SIX SIGMA SOLUTIONS
The Improvement Of Scorecard Management
Comparing Deming’s red bead experiment to red-yellow-green scorecards
by Forrest W. Breyfogle III
W. Edwards Deming is well known for helping Japan improve product quality in the 1950s. Deming also is acknowledged for the messages conveyed during his many four-day seminars. In these 1980s training sessions, Deming used a red bead experiment to highlight several poor management practices, which underscored aspects of his 14 points of management1 and seven deadly diseases.2
Deming’s red bead experiment
When conducting the red bead experiment, Deming had audience recruits use a paddle to draw 50 beads from a container of red and white beads, as shown in the illustration. White beads were considered satisfactory while red beads were not.
In this exercise, the number of red beads resulting from a paddle draw was reported. A count of red beads in a paddle drawn was to be instrumental in monitoring a fictitious organization’s overall product quality. In this tracking, between-worker quality of workmanship was highlighted in this exercise’s reporting, in which a lower number of red beads in a paddle draw was better.
In Deming’s workshop experiment, he announced the management goal of no more than three red beads for each paddle draw. The poorest-performing operators (those drawing beads from the container) relative to not meeting this minimum red bead number objective were “let go” from Deming’s organization company. The organization was eventually shut down because none of the operators met the minimum number of allowable red beads for a paddle draw.
Organizations often use red-yellow-green (RYG) scorecards to track individual performance metrics relative to goals. At regular times, an RYG scorecard colored response assesses how well a metric response performs relative to its goal:
- Red—not satisfactory.
If a metric’s color is red, action must be taken to resolve why performance at this point is unsatisfactory. With RYG scorecards, when a green color follows a red-colored metric, management typically feels good because it believes that the red-issue problem was resolved. Online Figure 1, found on this column’s webpage at www.qualityprogress.com, illustrates an actual organizational RYG scorecard report-out.
From a management’s scorecard point of view, a question that this column addresses is whether there are any basic differences from a management point of view between Deming’s red bead experiment and commonly used organizational RYG scorecards.
If there are no fundamental differences between Deming’s workshop exercise and RYG scorecards, the same lessons learned from Deming’s experiment also would apply to the use of RYG scorecards in businesses.

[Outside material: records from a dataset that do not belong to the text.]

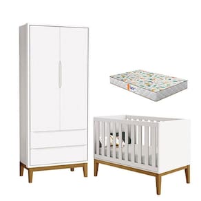 Berço Americano e Guarda Roupa 2 Portas New Classic Branco com Pés Madeira e Colchão Gazin – Reller
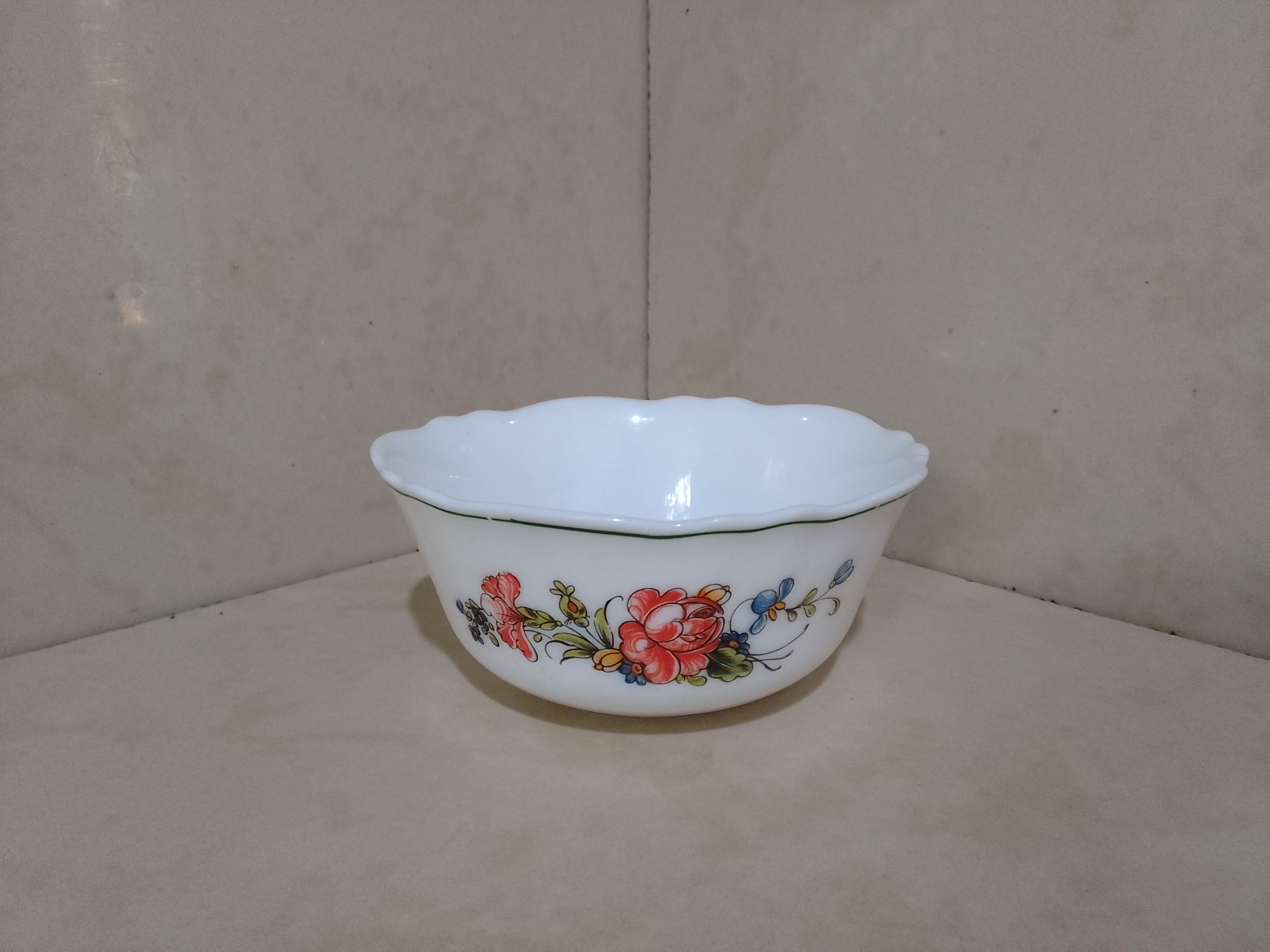 Esa es la única dulcerita que queda de un juego que compro mi mamá yo las use cuando era niña y ella me la regaló para que le diera comiditas cuando nació mi hijo. La cuido mucho para que no se vaya a partir ya que es de vidrio. Así que por lo bajito debe tener unos 40años entre la familia.
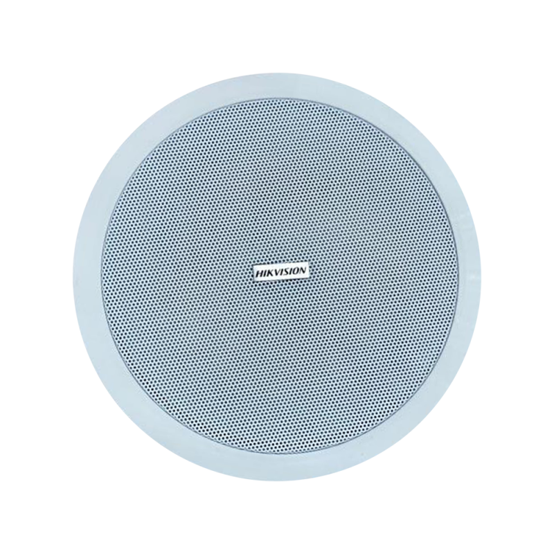 Altavoz de techo analógico Hikvision, potencia de 10 W, impedancia de 8 ohmios, sensibilidad de 91 dB. Permite una reproducción eficiente del sonido en espacios interiores, adecuada para aplicaciones de megafonía en oficinas, centros comerciales y entornos industriales. La respuesta en frecuencia es de 80 Hz a 20 kHz, equipado con altavoz de 5 pulgadas, diseñado para ofrecer mensajes claros, avisos y música ambiente en instalaciones profesionales.
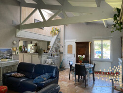 La maison propose une belle pièce de vie de 35 m² avec charpente apparente et un accès à la terrasse par baie vitrée, la cuisine labo ouverte sue la salle à manger de 41 m² avec un insert, offre un bel espace et un accès extérieur, grande salle d'eau, deux chambres, wc, placard, chaufferie. A l'étage, une troisème chambre sous rampant avec placards.
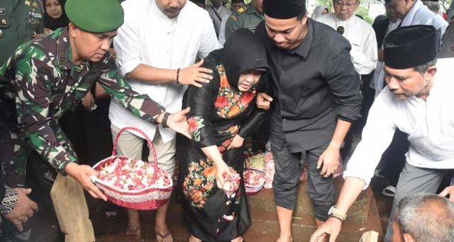 Pada saat proses tabur bunga, Nurhayanti tampak tak kuat menahan tangis dan mengikhlaskan suaminya untuk pergi selamanya. “Mamah sudah ikhlas pah,” katanya saat menaburkan bunga ke makam mendiang suaminya.
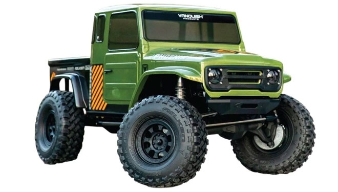 Podwozie Vanquish Products VS4-10 zostało stworzone, aby zapewnić równowagę między wyglądem w skali a nieograniczoną wydajnością. Stalowa konstrukcja kanału C zapewnia szczegóły skali, formowane przednie i tylne poprzeczki wypełniają szyny podwozia w miejscach największego naprężenia, zapewniając maksymalną wytrzymałość i zapewniając takie funkcje, jak podwójne mocowania serwomechanizmu, prowadzenie liny wyciągarki i ogniwo paliwowe. Formowane suwaki skalne są wyposażone w wymienną stożkową część zewnętrzną, która idealnie pasuje do nadwozia Phoenix. Podwozie VS4-10 zostało opracowane do współpracy z przekładnią VFD Twin, aby utrzymać nadbieg i serwo kopania nisko na platformie. Mocowanie Panharda na podwoziu jest wykonane z obrabianego maszynowo aluminium, aby wytrzymać uderzenia w trudnych warunkach na szlaku. Formowane wieże amortyzatorów obejmują górną część 80-milimetrowych amortyzatorów Incision S8E w podwójnym ścinaniu, zapewniając maksymalne wsparcie. Wąskie formowane zderzaki przednie i tylne maksymalizują prześwity, jednocześnie poprawiając kąty natarcia i zejścia.
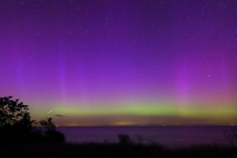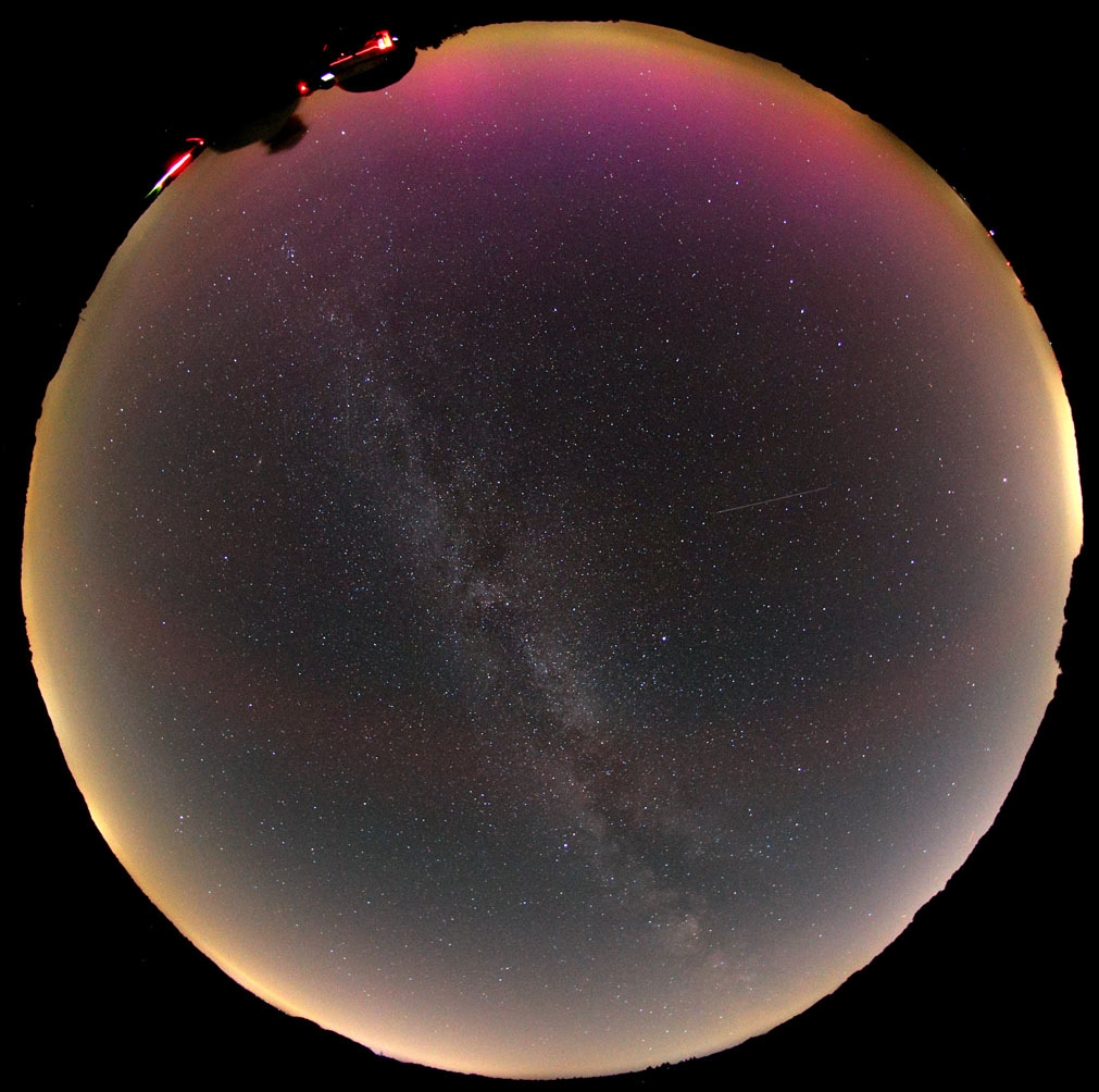 Zwischen 23:10 und 23:30 konnten schwach visuellen Strahlen über einem grünen Polarlichtband gesichtet werden.
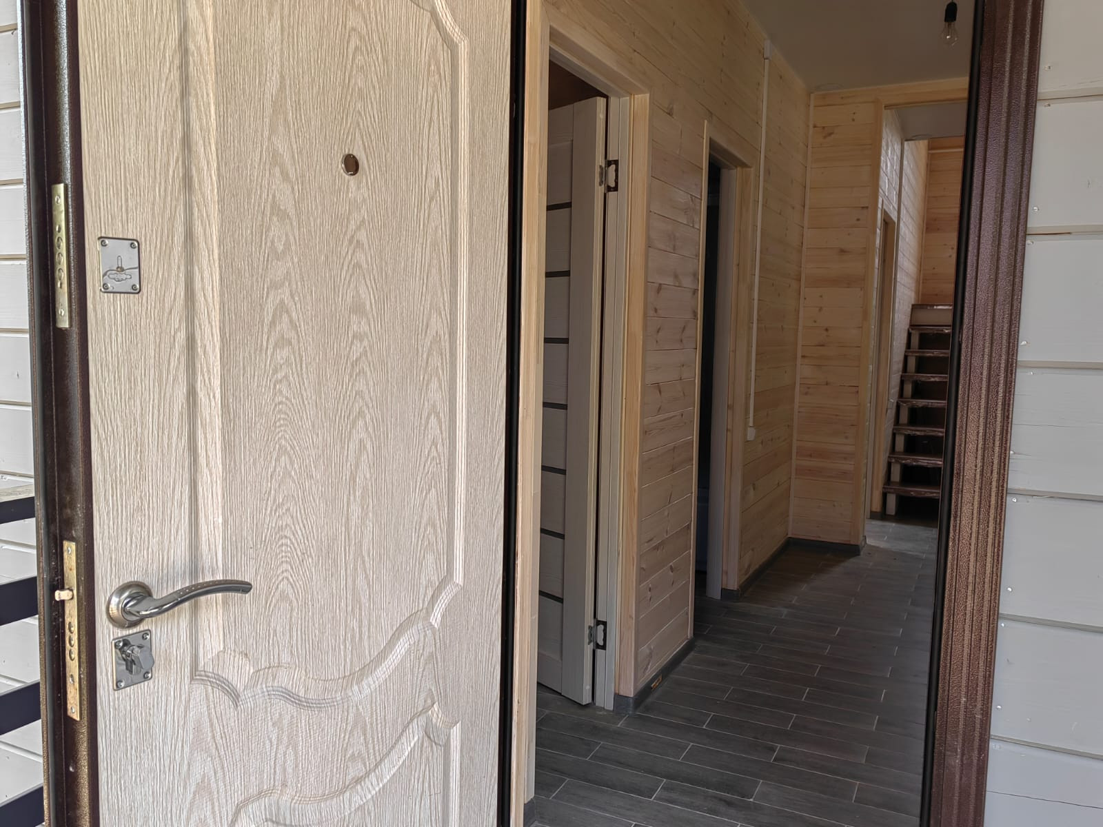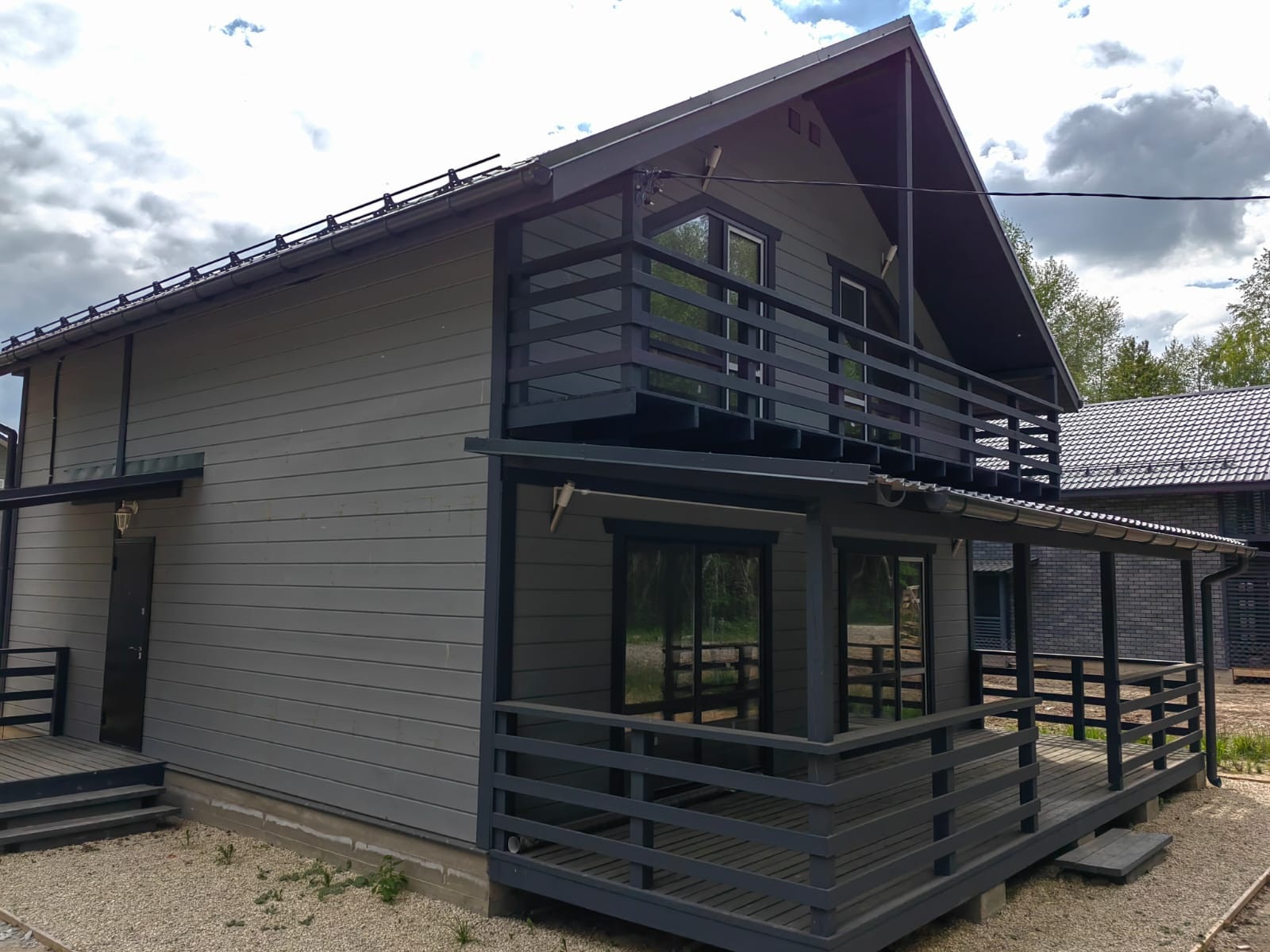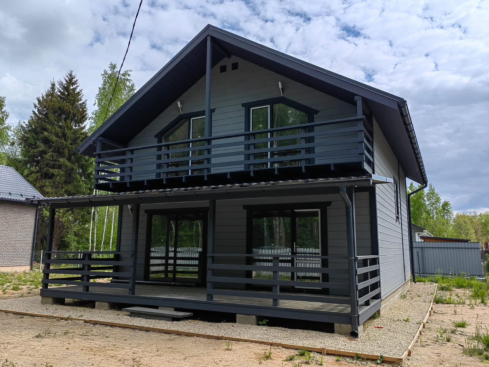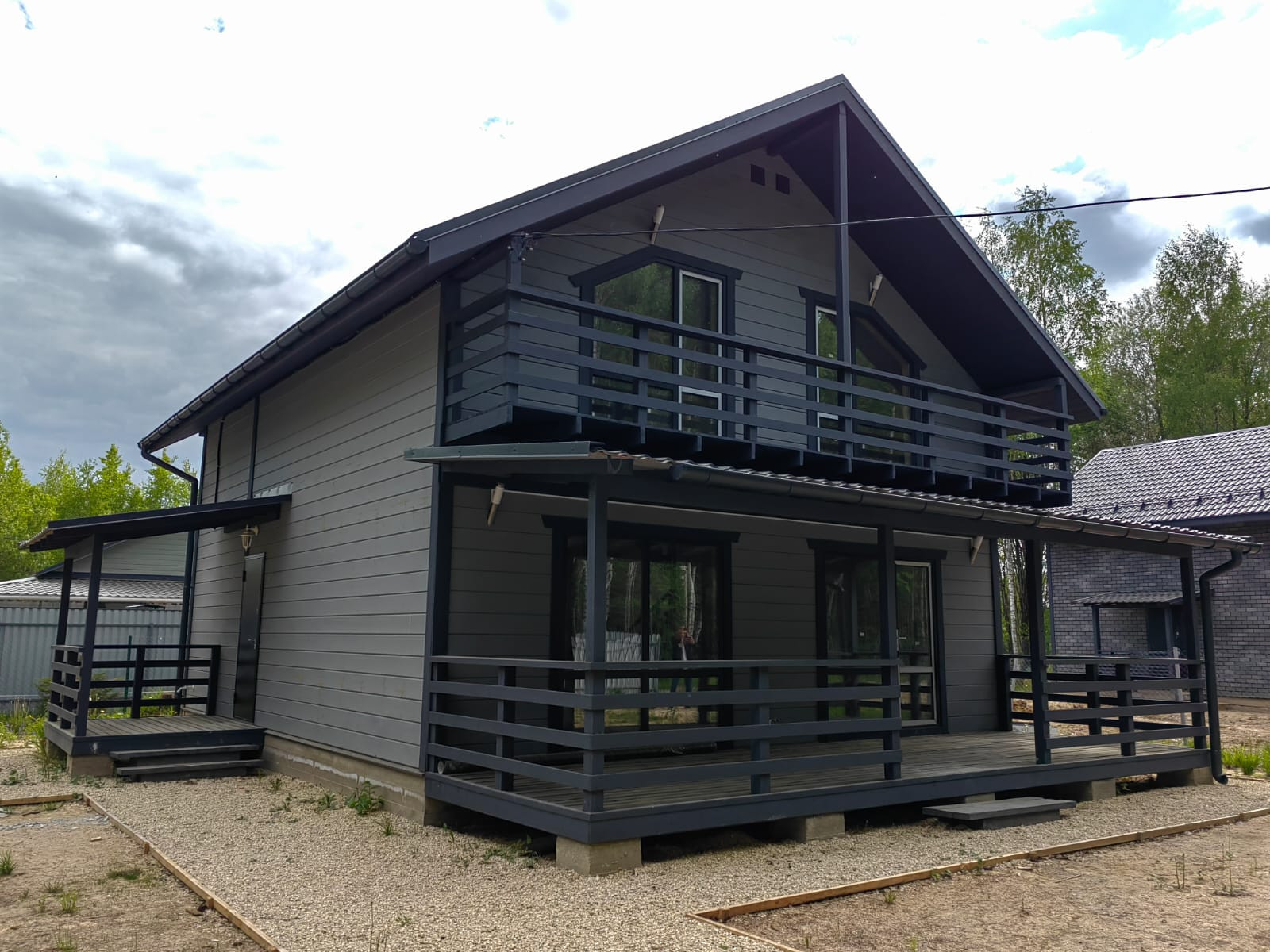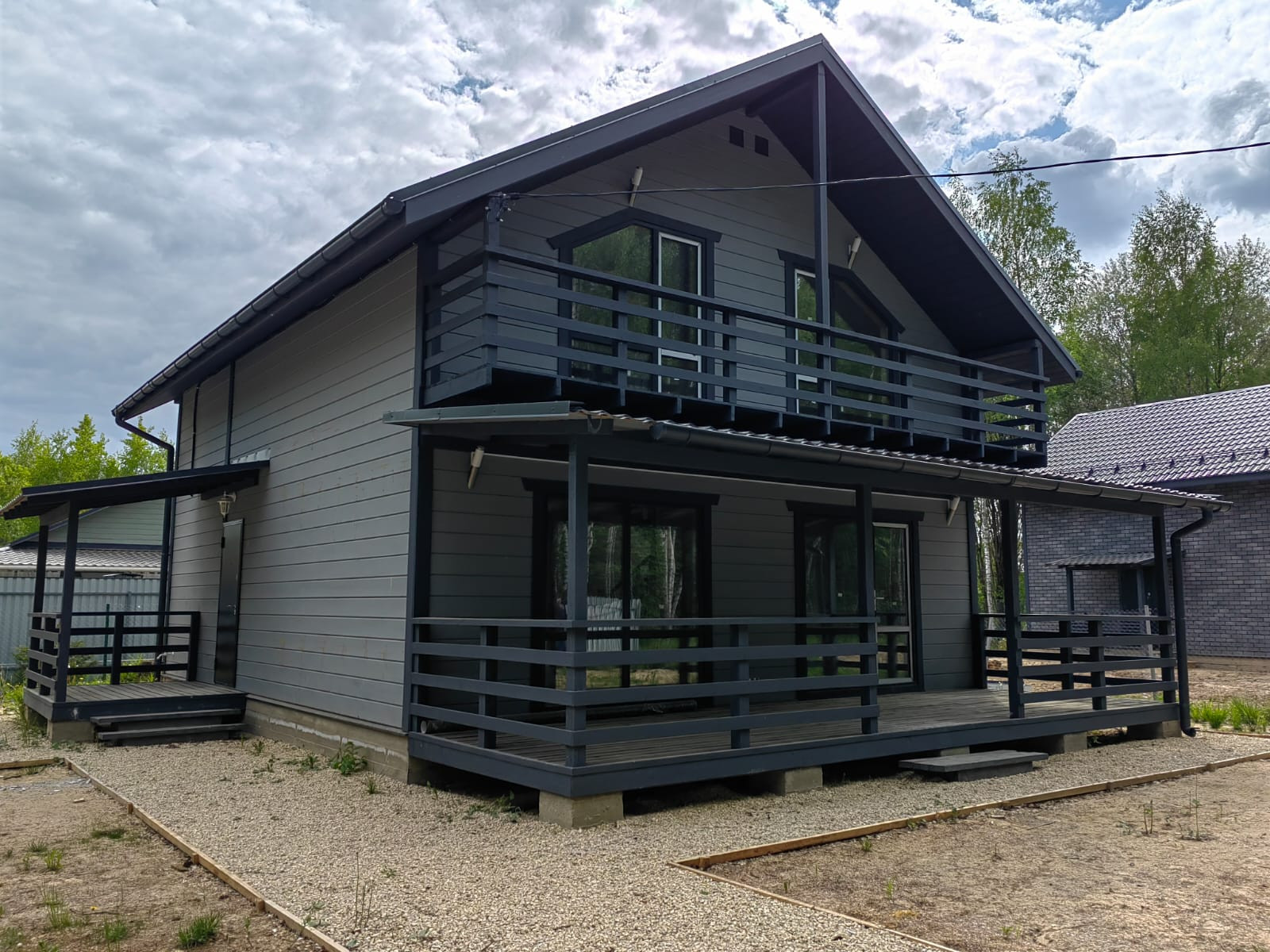 Внешняя и внутренняя отделка дома - имитация бруса, фундамент - монолитная плита. Окна - двухкамерные стеклопакеты, кровля - метало-черепица.
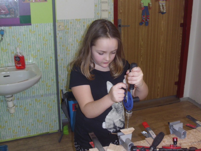 A tak jsme se seznámili s nářadím a hlavně vyzkoušeli, co se s ním vlastně dělá. Pilovali jsme, řezali, vrtali, zatloukali... a dílo se podařilo!

Comparing methods using a data set
In the red bead experiment, 20% of the container’s beads are red. Hence, on average, 10 red beads are expected from a 50-hole paddle draw. Rather than having a goal of three or fewer for any draw (as Deming did in his workshops), let’s set the goal to be 12 or fewer red beads for paddle draws.
Table 1 shows the number of red beads in 60 example paddle draws. This data will be used to compare the management techniques used in Deming’s red bead experiment and RYG scorecard reporting.
For this set of red bead draws, a Deming red bead experiment management style would be telling operators to do better for the 12 paddle draws circled in Table 2—that is, whenever the number of red beads was 13 or more.
Colors for possible metric draws for a RYG scorecard of Table 2 data are:
- Green: 11 or less.
- Yellow: 12.
- Red: 13 or greater.
Table 3 shows the results of an RYG scorecard management metric reporting style.
With this RYG scorecard reporting approach, management again would be reacting to the 12 paddle draws containing 13 or more red bead paddle draws. In addition, management would probably think that the red occurrence problem was resolved whenever the metric color changed to green on the next draw.
A process output response can either be the result of natural variation from the process or a special cause event. The container of red and white beads had 20% red beads. For this simplistic situation, we know that the variability from a paddle draw in this container should be common cause. In the red bead experiment and RYG situations, the management style was to react to any paddle draw that contained more than 12 red beads as though the situation were special cause (that is, the operator did not perform satisfactorily).
If a process has an undesirable common cause response, the process must be improved. Talking about individual out-of-specification occurrences in isolation as though they were a special cause is an ineffective management practice.
Metric management with control charts
A traditional control charting approach separates common cause from special cause events with the focus on identifying special cause events so the issue can be resolved in a timely manner. If we considered the number of red beads on a paddle draw as the response, we might select a c-chart for this common-special cause event separation. Online Figure 2 shows a c-chart for the data in Table 1.
But is the c-chart technically the most appropriate chart for this number of red beads in a paddle situation? Because we know from this process that either a white or red bead can be present in any of the 50 holes, a p-chart that tracks over time the proportion of red beads relative to the number of 50-hole paddle opportunities would technically be more appropriate. A p-chart of the data from Table 1 is shown in Online Figure 3.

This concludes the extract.